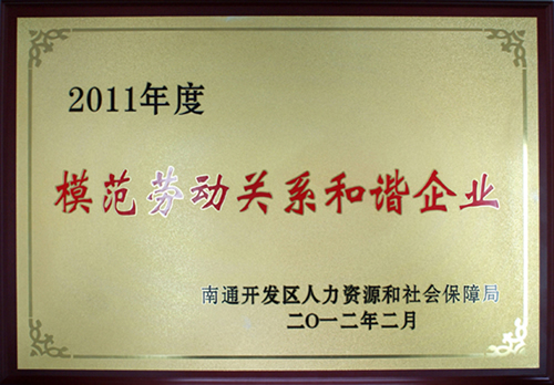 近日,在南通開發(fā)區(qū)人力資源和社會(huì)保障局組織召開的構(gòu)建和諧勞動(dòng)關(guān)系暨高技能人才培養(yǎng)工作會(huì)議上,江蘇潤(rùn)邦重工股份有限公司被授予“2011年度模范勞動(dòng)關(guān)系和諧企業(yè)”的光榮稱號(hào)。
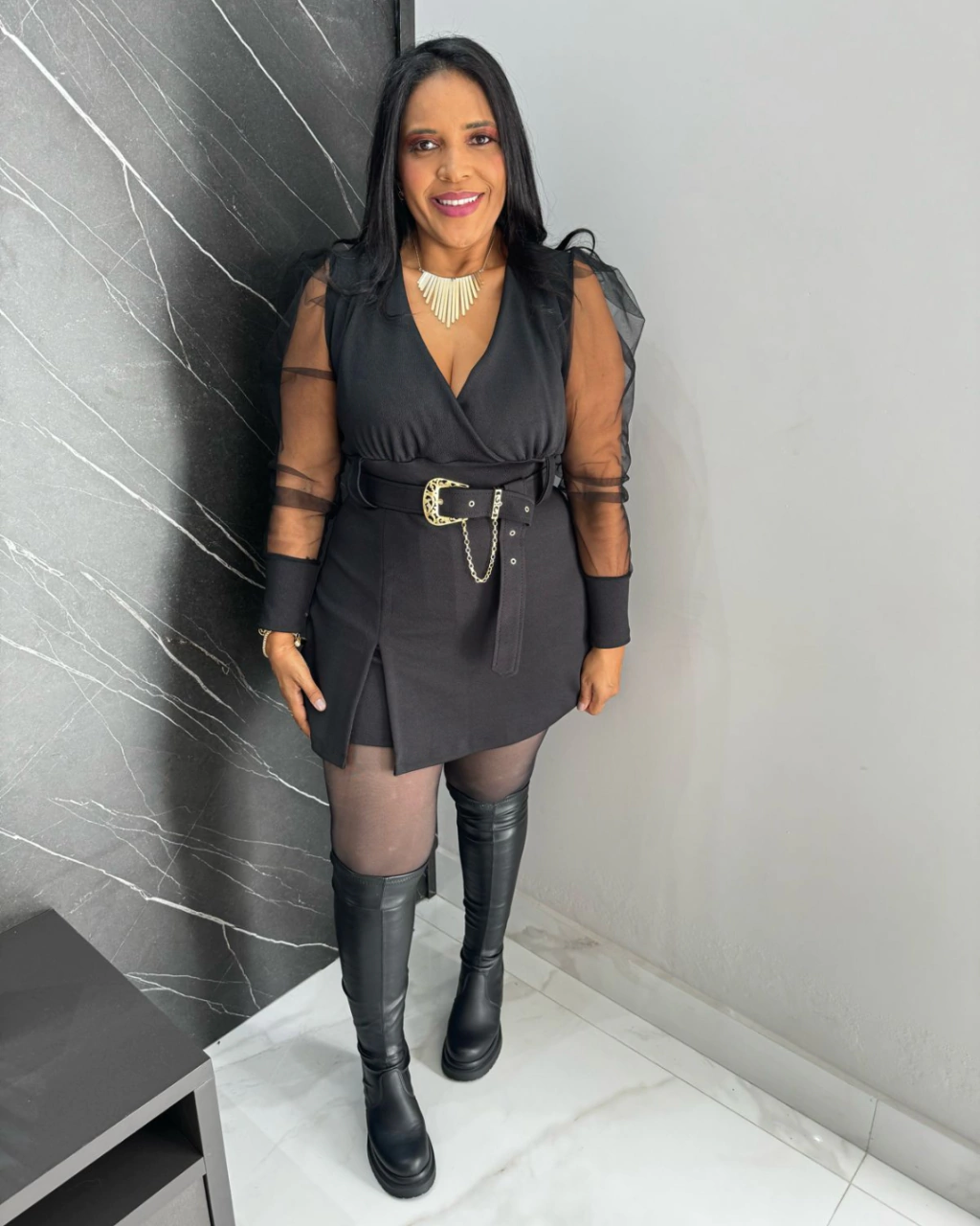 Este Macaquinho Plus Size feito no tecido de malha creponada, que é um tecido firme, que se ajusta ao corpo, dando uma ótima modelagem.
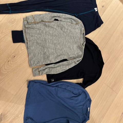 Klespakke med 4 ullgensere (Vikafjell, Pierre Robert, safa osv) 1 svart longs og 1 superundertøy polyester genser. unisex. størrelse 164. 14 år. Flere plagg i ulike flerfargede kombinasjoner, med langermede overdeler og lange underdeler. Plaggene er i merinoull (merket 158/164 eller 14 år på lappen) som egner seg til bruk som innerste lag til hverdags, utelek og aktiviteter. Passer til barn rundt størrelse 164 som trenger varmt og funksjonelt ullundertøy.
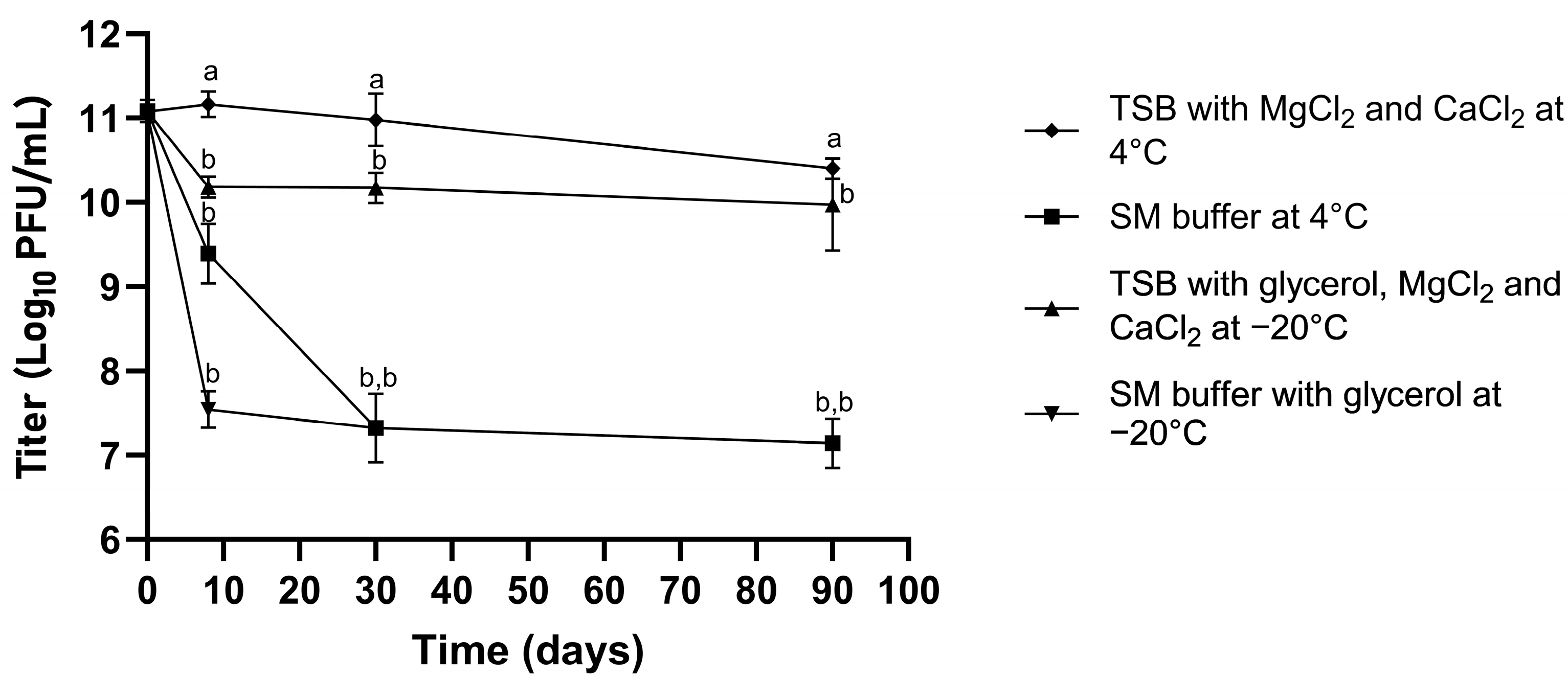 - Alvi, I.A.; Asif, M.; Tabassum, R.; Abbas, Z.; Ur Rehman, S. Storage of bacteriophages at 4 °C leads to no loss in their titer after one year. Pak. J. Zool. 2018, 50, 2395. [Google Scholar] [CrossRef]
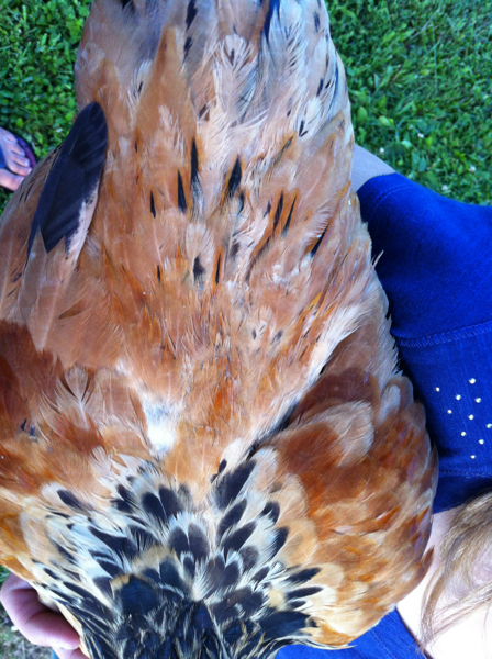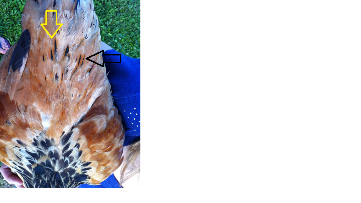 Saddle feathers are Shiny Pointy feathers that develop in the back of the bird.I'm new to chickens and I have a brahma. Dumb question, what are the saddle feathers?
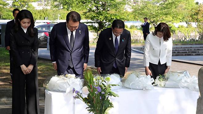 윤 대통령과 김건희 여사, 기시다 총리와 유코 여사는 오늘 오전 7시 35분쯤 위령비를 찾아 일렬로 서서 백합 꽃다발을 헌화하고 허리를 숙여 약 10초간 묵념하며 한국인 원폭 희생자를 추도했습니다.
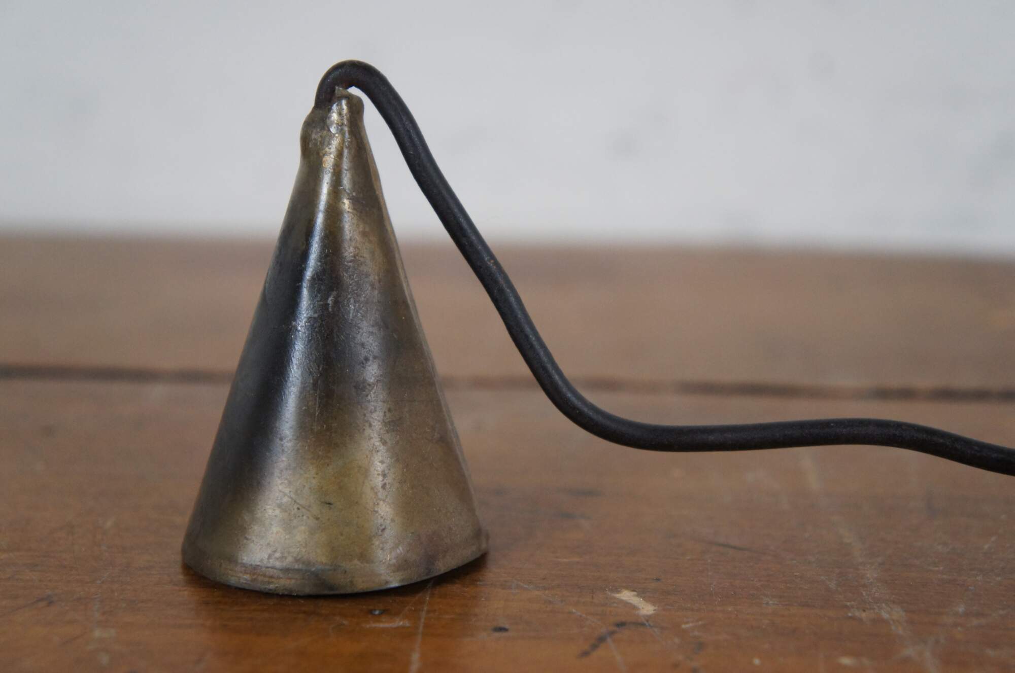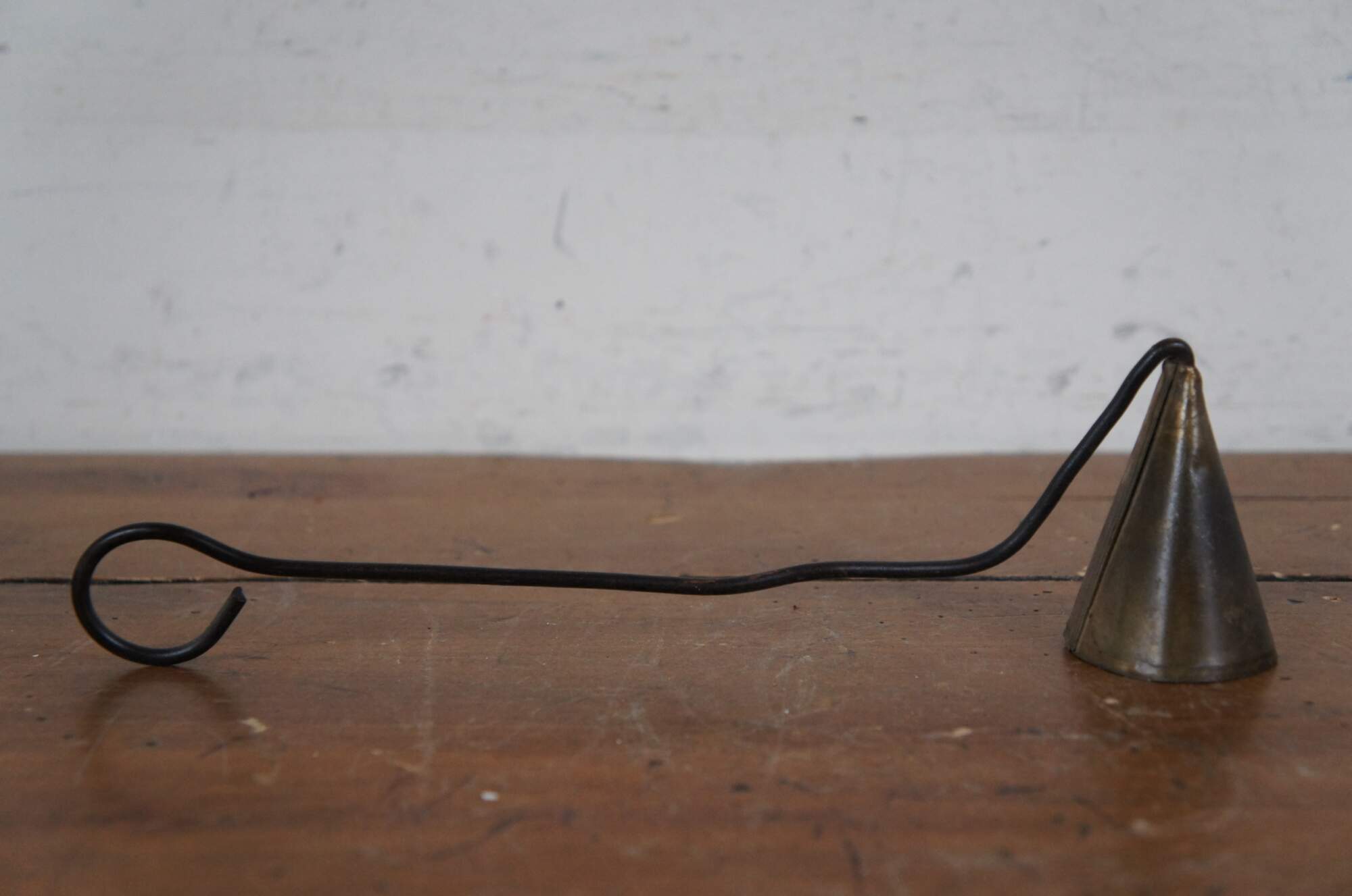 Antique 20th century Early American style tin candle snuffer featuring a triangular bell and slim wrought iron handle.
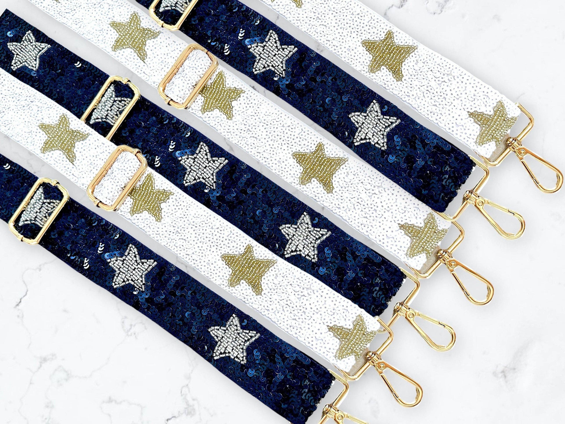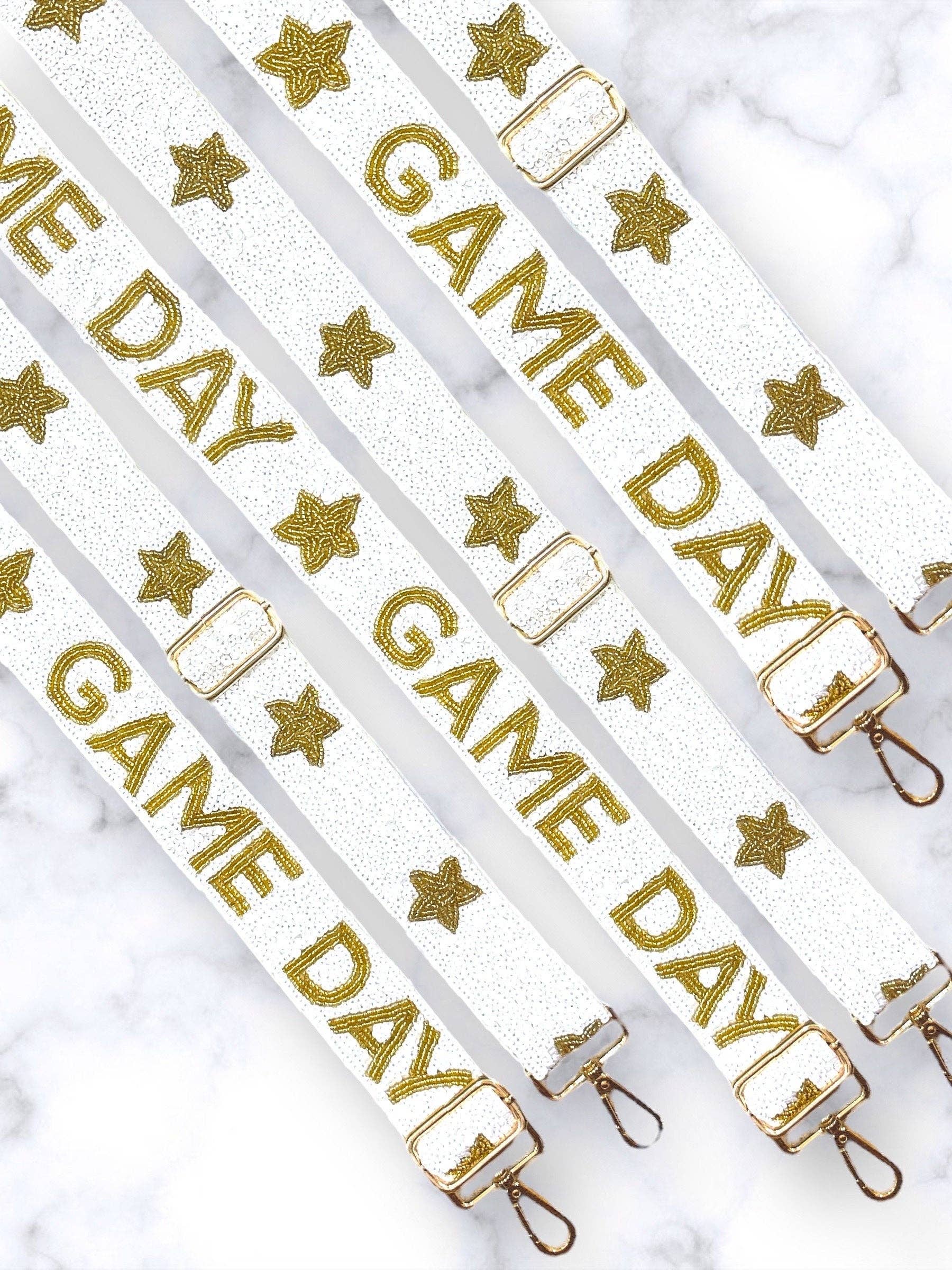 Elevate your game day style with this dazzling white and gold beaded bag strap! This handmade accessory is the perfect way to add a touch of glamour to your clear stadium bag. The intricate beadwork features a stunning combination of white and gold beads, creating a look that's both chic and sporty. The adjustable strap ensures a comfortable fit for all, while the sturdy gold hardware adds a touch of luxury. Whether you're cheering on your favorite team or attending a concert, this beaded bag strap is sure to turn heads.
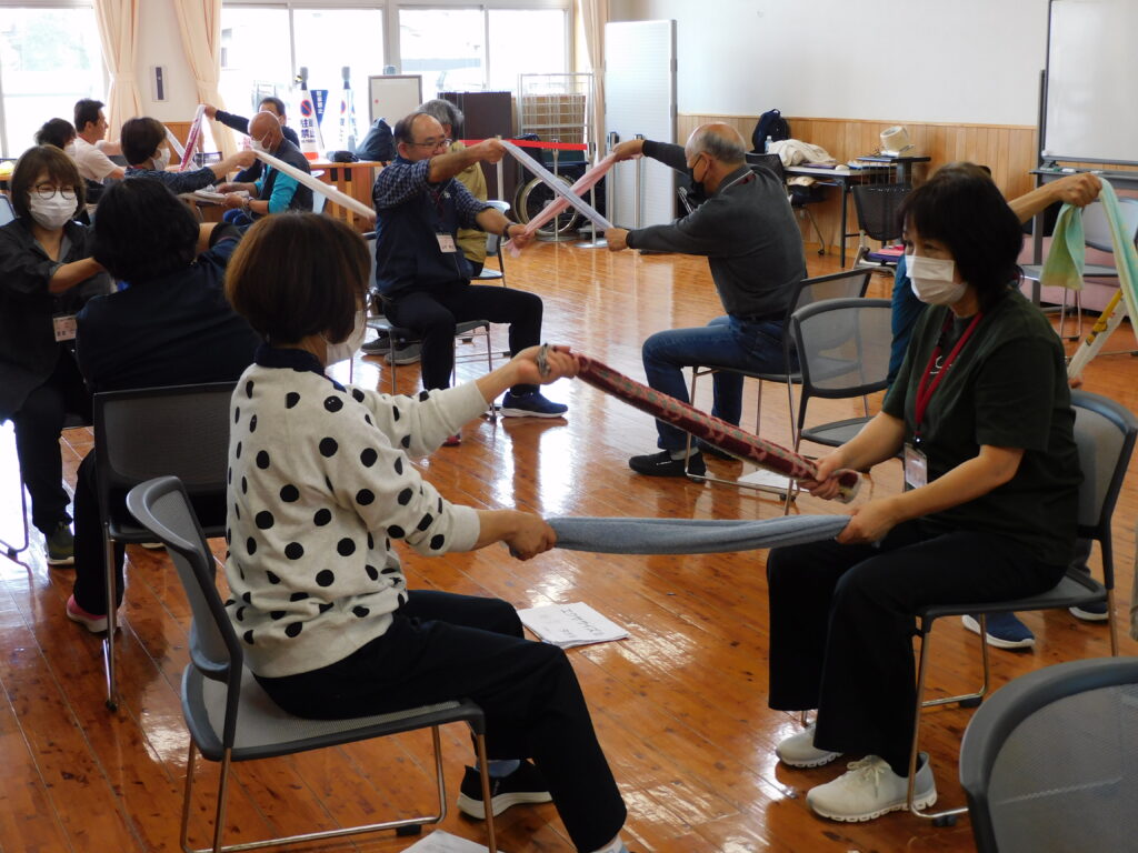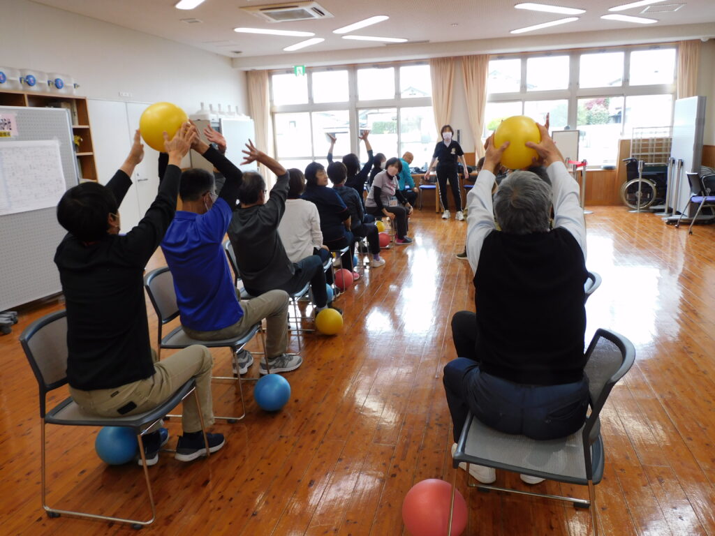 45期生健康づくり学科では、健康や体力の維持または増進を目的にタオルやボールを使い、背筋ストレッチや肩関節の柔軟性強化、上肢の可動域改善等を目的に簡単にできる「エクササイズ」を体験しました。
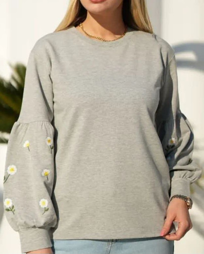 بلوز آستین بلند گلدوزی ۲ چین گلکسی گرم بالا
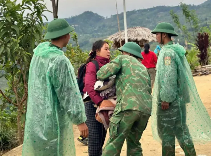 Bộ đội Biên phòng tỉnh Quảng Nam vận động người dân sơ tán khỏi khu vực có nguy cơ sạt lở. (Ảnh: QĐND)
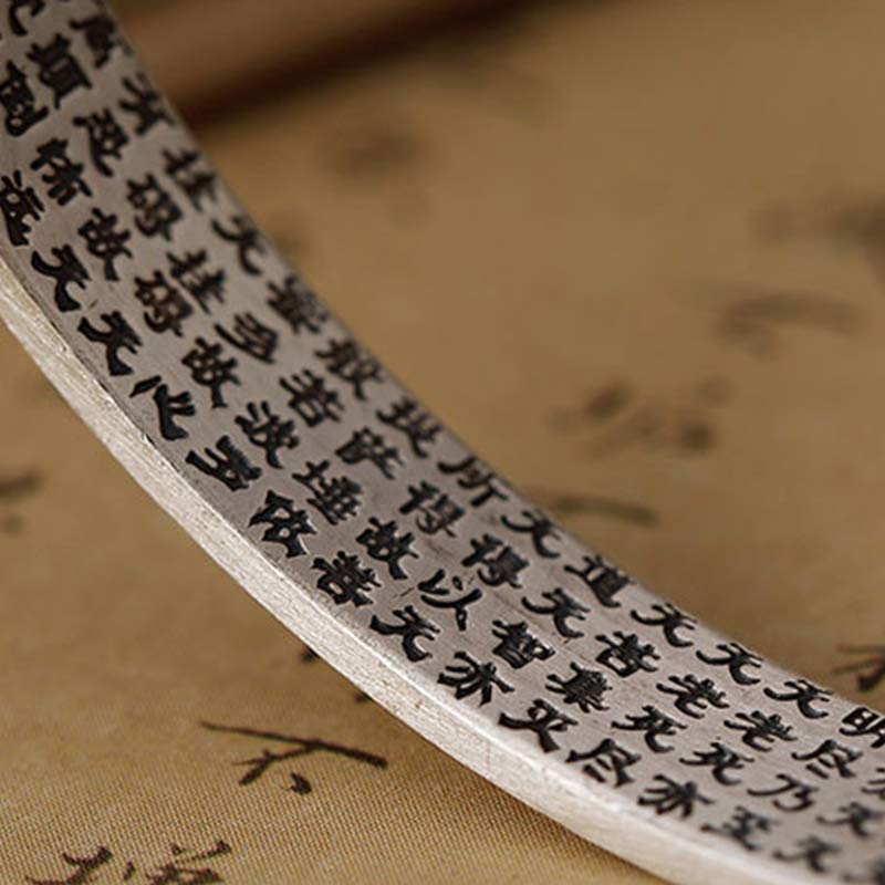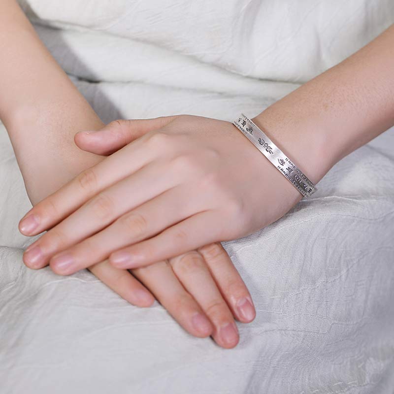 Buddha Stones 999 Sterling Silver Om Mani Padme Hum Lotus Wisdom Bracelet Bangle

|---|

## WHAT YOU HAVE TO DO
Set down exactly the lines from the start of the records through the line containing "بلوز آستین بلند گلدوزی ۲ چین گلکسی گرم بالا", both included, and omit the pictures.

## ANSWER TO THIS EXERCISE
 近日,在南通開發(fā)區(qū)人力資源和社會(huì)保障局組織召開的構(gòu)建和諧勞動(dòng)關(guān)系暨高技能人才培養(yǎng)工作會(huì)議上,江蘇潤(rùn)邦重工股份有限公司被授予“2011年度模范勞動(dòng)關(guān)系和諧企業(yè)”的光榮稱號(hào)。
 Este Macaquinho Plus Size feito no tecido de malha creponada, que é um tecido firme, que se ajusta ao corpo, dando uma ótima modelagem.
 Klespakke med 4 ullgensere (Vikafjell, Pierre Robert, safa osv) 1 svart longs og 1 superundertøy polyester genser. unisex. størrelse 164. 14 år. Flere plagg i ulike flerfargede kombinasjoner, med langermede overdeler og lange underdeler. Plaggene er i merinoull (merket 158/164 eller 14 år på lappen) som egner seg til bruk som innerste lag til hverdags, utelek og aktiviteter. Passer til barn rundt størrelse 164 som trenger varmt og funksjonelt ullundertøy.
 - Alvi, I.A.; Asif, M.; Tabassum, R.; Abbas, Z.; Ur Rehman, S. Storage of bacteriophages at 4 °C leads to no loss in their titer after one year. Pak. J. Zool. 2018, 50, 2395. [Google Scholar] [CrossRef]
 Saddle feathers are Shiny Pointy feathers that develop in the back of the bird.I'm new to chickens and I have a brahma. Dumb question, what are the saddle feathers?
 윤 대통령과 김건희 여사, 기시다 총리와 유코 여사는 오늘 오전 7시 35분쯤 위령비를 찾아 일렬로 서서 백합 꽃다발을 헌화하고 허리를 숙여 약 10초간 묵념하며 한국인 원폭 희생자를 추도했습니다.
 Antique 20th century Early American style tin candle snuffer featuring a triangular bell and slim wrought iron handle.
 Elevate your game day style with this dazzling white and gold beaded bag strap! This handmade accessory is the perfect way to add a touch of glamour to your clear stadium bag. The intricate beadwork features a stunning combination of white and gold beads, creating a look that's both chic and sporty. The adjustable strap ensures a comfortable fit for all, while the sturdy gold hardware adds a touch of luxury. Whether you're cheering on your favorite team or attending a concert, this beaded bag strap is sure to turn heads.
 45期生健康づくり学科では、健康や体力の維持または増進を目的にタオルやボールを使い、背筋ストレッチや肩関節の柔軟性強化、上肢の可動域改善等を目的に簡単にできる「エクササイズ」を体験しました。
 بلوز آستین بلند گلدوزی ۲ چین گلکسی گرم بالا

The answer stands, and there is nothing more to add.